When clients want genuine hardwood — or engineered hardwood with a real wood veneer — Solomon sources products with a minimum 2mm wear layer for solid re-sand potential. Solid hardwood is limited to areas with stable humidity; San Diego's coastal moisture swings make engineered hardwood the safer bet in most installations. Acclimation matters: planks need 48–72 hours on-site before installation to stabilize to the home's ambient conditions. Rushing acclimation causes gapping in winter and buckling in humid months.
The direction you run planks changes how large or small a room feels. Running planks parallel to the longest wall or toward the primary light source is standard practice, but open floor plans with multiple sight lines sometimes call for a diagonal or herringbone layout. Solomon maps the layout during the estimate so you see the visual effect before material is ordered. Waste factors vary by pattern: straight runs typically require 8–10% overage; diagonal or herringbone cuts can push that to 15%.
A flooring installation looks amateur when transitions between rooms are poorly matched or baseboards are caulked unevenly. Solomon treats every threshold, T-molding, and reducer as part of the finished product. Baseboards are removed, re-installed over the new flooring, and re-caulked — not left floating above the plank surface. Door casings are undercut with an oscillating tool so the flooring slides beneath them cleanly, eliminating the need for visible shoe molding workarounds.

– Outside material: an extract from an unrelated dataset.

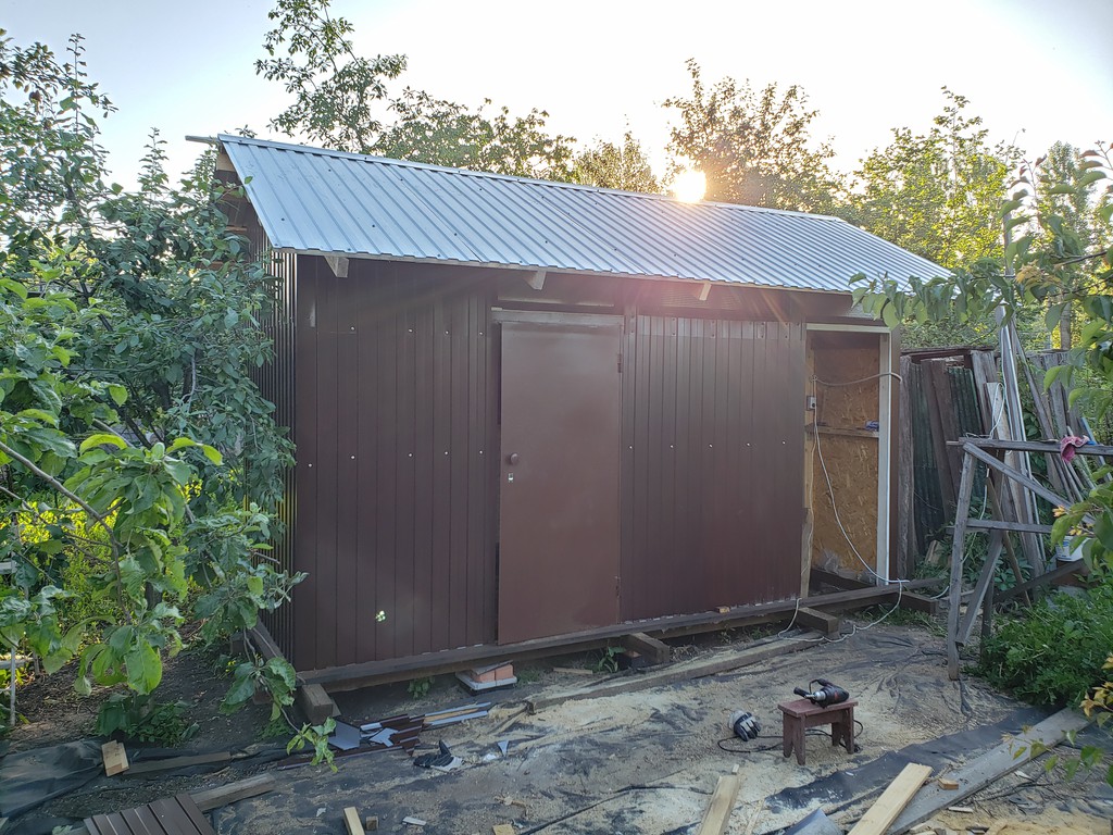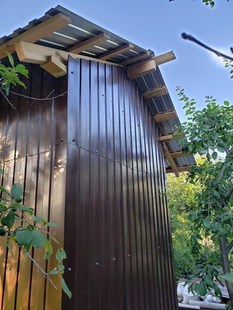 Ну, в этом разделе интересного мало: оставлять строение со стенами только из ОСБ - непрактично. Материал впитывает влагу, да и в принципе довольно легко разрушается от внешнего воздействия. Сначала думал обшить вагонкой (что сейчас уже кажется не самой плохой идеей), но в результате остановился на профлисте.

The free on-site evaluation covers subfloor condition assessment, moisture testing, layout planning, and a fixed-price scope of work. Material selection happens before pricing is finalized — costs vary significantly between product tiers, and you should know exactly what you are getting before any agreement is signed. There are no surprises added after the project starts. If demolition of existing flooring reveals subfloor damage not visible during the evaluation, Solomon documents it and reviews the options with you before proceeding.